### What you need to do
Copy out the listing in full, exactly as written, but not its pictures.

### Supplied data

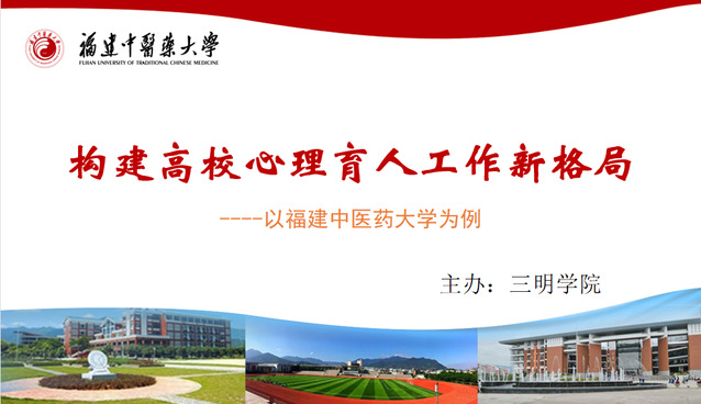 讲座上,丁老师以中医药文化为依托,为大家详细介绍了“养身、养心、养性、养德”的工作思路,并提出“身心共耗、未病先防、自我疗愈、精神内守”等多重方法。接着,丁老师提出了新的心理育人理念与五级心理育人目标,从“找疾病”到“提升全体学生心理健康素养”,强调动态发展和“涵养”的机制。最后,丁老师分享了福建中医药大学的心理育人六项实施计划。从五级组织体系、综合工作体系、心理危机干预体系、心理育人队伍培训、朋辈队伍建设及新媒体运用六个方面进行了详细介绍。
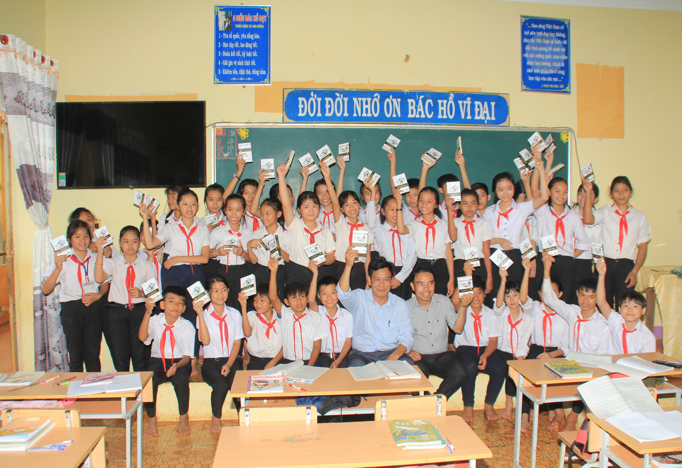 Hành trình đã dừng chân tại trường THCS Đoàn Đức Thái (ở xã Đồng Nai, huyện Bù Đăng) sau khi đi qua nhiều cung đường ngoằn ngoèo thuộc địa bàn khó khăn bậc nhất tỉnh Bình Phước.
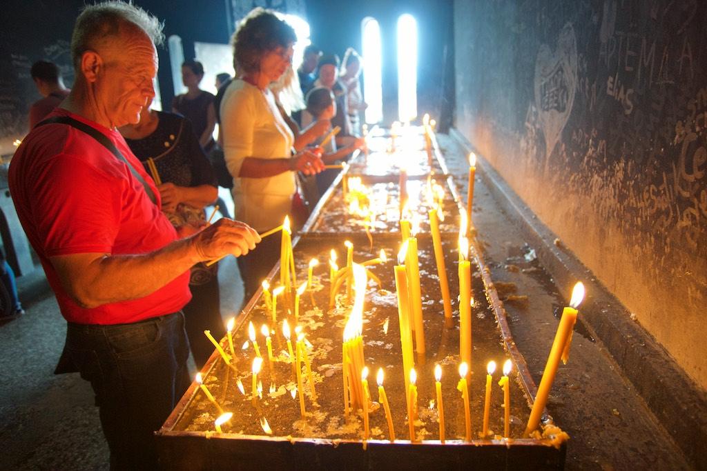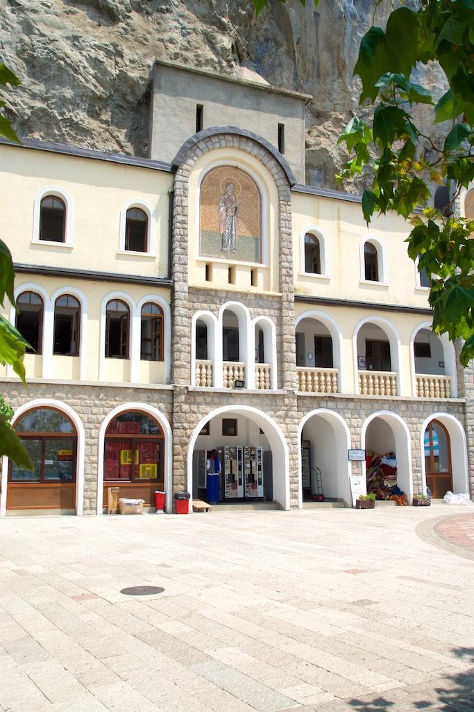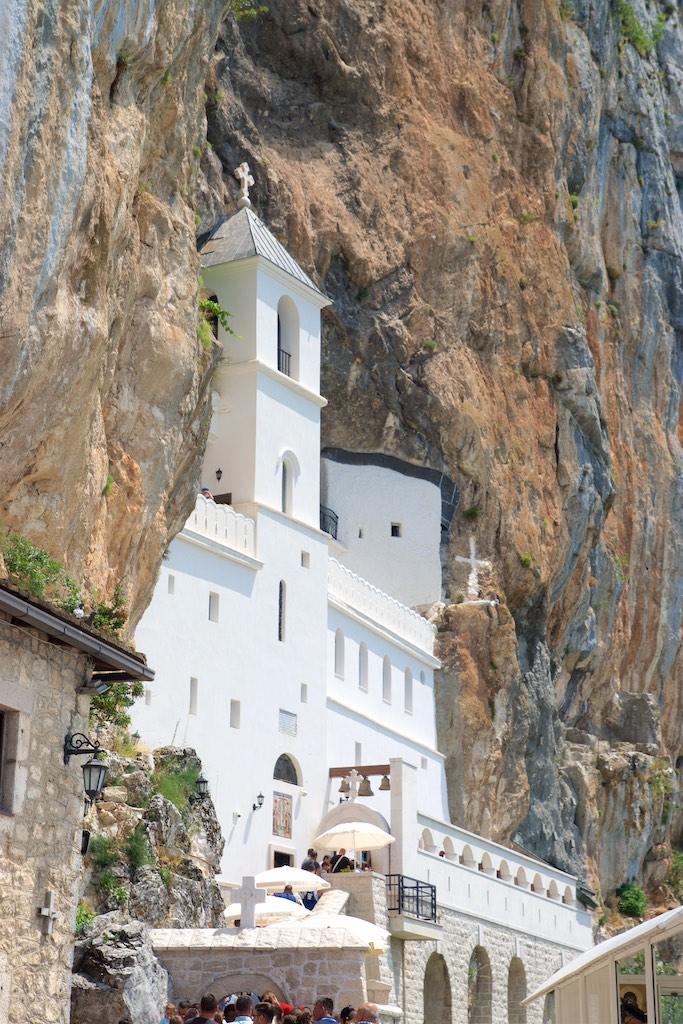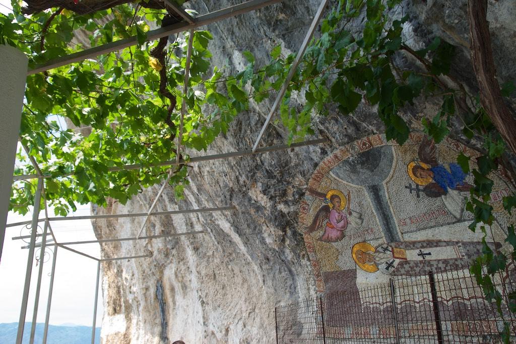 We were now approaching the Ostrog monastery, one of the 4 most important religious centers in Montenegro. First we stopped at a small church that was covered with fresco’s. Someone was reciting from the holy script and religious people were saying there prayers and kissing the relics, as usual in orthodox churches.

### Expected output
 讲座上,丁老师以中医药文化为依托,为大家详细介绍了“养身、养心、养性、养德”的工作思路,并提出“身心共耗、未病先防、自我疗愈、精神内守”等多重方法。接着,丁老师提出了新的心理育人理念与五级心理育人目标,从“找疾病”到“提升全体学生心理健康素养”,强调动态发展和“涵养”的机制。最后,丁老师分享了福建中医药大学的心理育人六项实施计划。从五级组织体系、综合工作体系、心理危机干预体系、心理育人队伍培训、朋辈队伍建设及新媒体运用六个方面进行了详细介绍。
 Hành trình đã dừng chân tại trường THCS Đoàn Đức Thái (ở xã Đồng Nai, huyện Bù Đăng) sau khi đi qua nhiều cung đường ngoằn ngoèo thuộc địa bàn khó khăn bậc nhất tỉnh Bình Phước.
 We were now approaching the Ostrog monastery, one of the 4 most important religious centers in Montenegro. First we stopped at a small church that was covered with fresco’s. Someone was reciting from the holy script and religious people were saying there prayers and kissing the relics, as usual in orthodox churches.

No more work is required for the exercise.